Let’s clarify the bed-sharing analogy. She isn’t talking about doing so at the same time. Instead, she cites how hotels work.

“Hotels are in the business of bed sharing,” Chase says at an American Financial Services Assn. auto conference. “I’d tell that to (Zipcar) skeptics in the beginning.”

Zipcar is part of an emerging so-called collaborative economy. Some people praise its coming. Others are less keen, especially those who fret this sharing thing will hurt individual product sales. By the way, the old which-side-do-you-want U.S. hostelry industry booked strangers in the same bed. 

The modern auto industry’s worst nightmare (well, one of them) is Zipcar will zap the strength that’s built from delivering close to 17 million vehicles a year to U.S. consumers who want their own cars.

Zipcar may nip into auto sales, but no automaker will wonder where its leg went.
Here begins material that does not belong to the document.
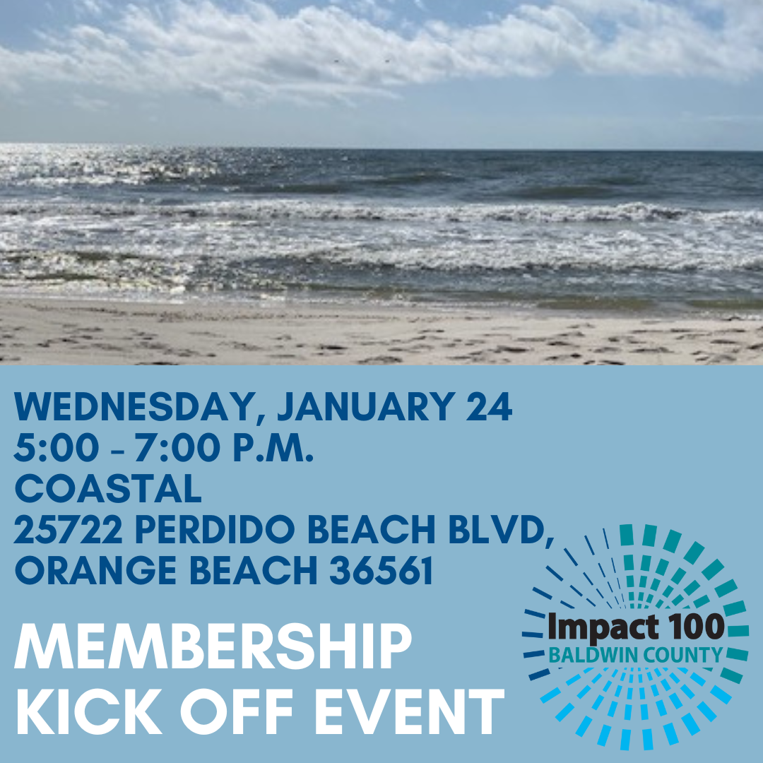 Events available for Registration... Meet & Mingle - Timbercreek Clubhouse 3/12/2026 register for this event... Just for Fun - Tee Off at The Wharf 3/18/2026 register for this event... Meet & Mingle - Sweetwater Cafe at Lakewood Club 3/19/2026 register for this event... Impact 100 Baldwin County Grant Application Workshop 4/30/2026 Registration is Coming Soon for this event |

For one thing, Zipcar isn’t for everyone. In fact, it’s for just a few.

“The Zipcar market consists of people who don’t need a car to get to work,” Chase says. So that eliminates, like what, 95% of drivers in most places?

Excess capacity – producing more supply than the market demands or even thinks of wanting – can get automakers in trouble. We’ve seen that.

Zipcar lives off excess capacity of another kind, says Chase who went on to found Buzzcar, a French enterprise that takes the Zipcar business model to the next level. “Excess capacity is my magnet.”

She looks at it this way: A car is the costliest thing you buy, other than a house. "But you only use your car for a couple hours a day. There is so much unused value in that asset.”

I could say the same thing of my bed. I use that only a third of the time, if I’m lucky enough to get a good night’s sleep. But I get her point. “We knew Zipcar could leverage this excess capacity,” she says.

Zipcar owns the cars its clients use for their quick trips. They hop in and drive a few miles. Then the next Zipcar client does likewise. And so on. It’s like a relay. The Internet makes this possible.

Zipcar earns about $26,000 per car, per year, Chase says. She describes her Buzzcar as truly representative of the collaborative economy because “people share other people’s cars across France.”  

Those early Zipcar skeptics in the U.S. predicted a business based on multiple drivers grinding through the same cars would result in some trashed vehicles somewhere down the line.

Wrong, Chase says. People treat the cars pretty well. It’s a different story for rentals. People can abuse those, she says. “A rental company person said somebody once shoved a Big Mac through the air vent of one of their cars.”

That might have been an act of anger aimed at McDonald’s as much as disdain directed at Hertz. Either way, it’s creepy. That’s my take. I’d like to share it with you.